Student Mastery or AI Deception? Analyzing ChatGPT's Assessment Proficiency and Evaluating Detection Strategies
This addresses academic integrity issues in computer science education by highlighting the limitations of current AI detection strategies, though it is incremental as it builds on existing concerns without proposing new solutions.
The study found that ChatGPT can complete almost all introductory computer science assignments perfectly, while existing detection methods like MOSS, JPlag, and GPTzero have mixed success, and human evaluators are not accurate enough in distinguishing AI-generated code from student work.

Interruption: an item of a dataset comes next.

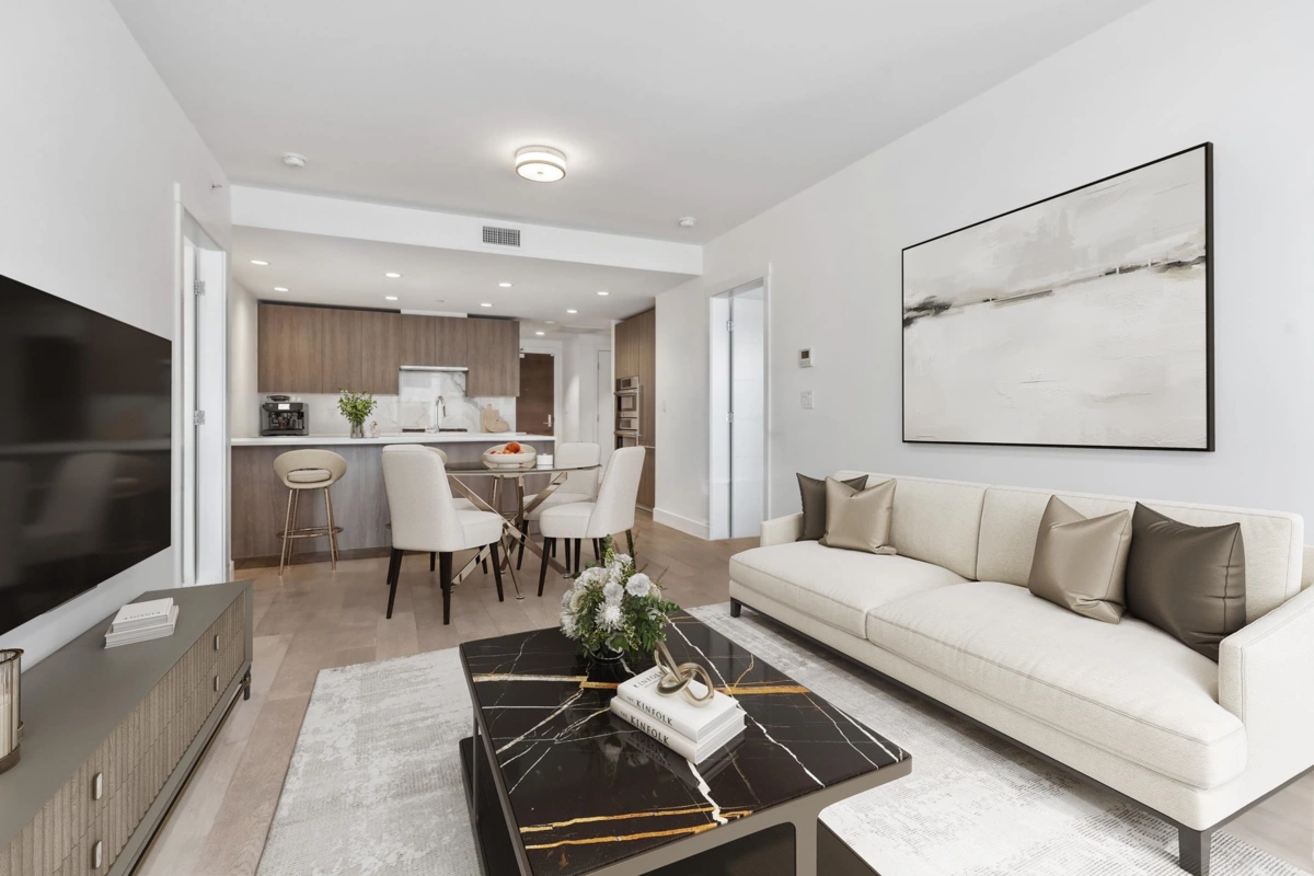 Welcome to The Residences at Lynn Valley by Bosa Development. This oversized 2 bedroom, 2 bathroom plus den home offers engineered hardwood flooring, Italian-inspired cabinetry, quartz countertops, natural gas cooking, air conditioning and full size in suite laundry. Amenities include: BBQ patio area, kids play area, social lounge, games room, screening room, gym, yoga studio, steam, sauna dog walk and dog wash. Two large patios over look the expansive podium which feature gorgeous grounds and outdoor social spaces for all to enjoy. Only steps from Lynn Valley Centre, filled with restaurants, grocers, coffee shops and fitness studios. 1 locker & 1 parking included. Photos have been virtually staged.

Generative AI systems such as ChatGPT have a disruptive effect on learning and assessment. Computer science requires practice to develop skills in problem solving and programming that are traditionally developed using assignments. Generative AI has the capability of completing these assignments for students with high accuracy, which dramatically increases the potential for academic integrity issues and students not achieving desired learning outcomes. This work investigates the performance of ChatGPT by evaluating it across three courses (CS1,CS2,databases). ChatGPT completes almost all introductory assessments perfectly. Existing detection methods, such as MOSS and JPlag (based on similarity metrics) and GPTzero (AI detection), have mixed success in identifying AI solutions. Evaluating instructors and teaching assistants using heuristics to distinguish between student and AI code shows that their detection is not sufficiently accurate. These observations emphasize the need for adapting assessments and improved detection methods.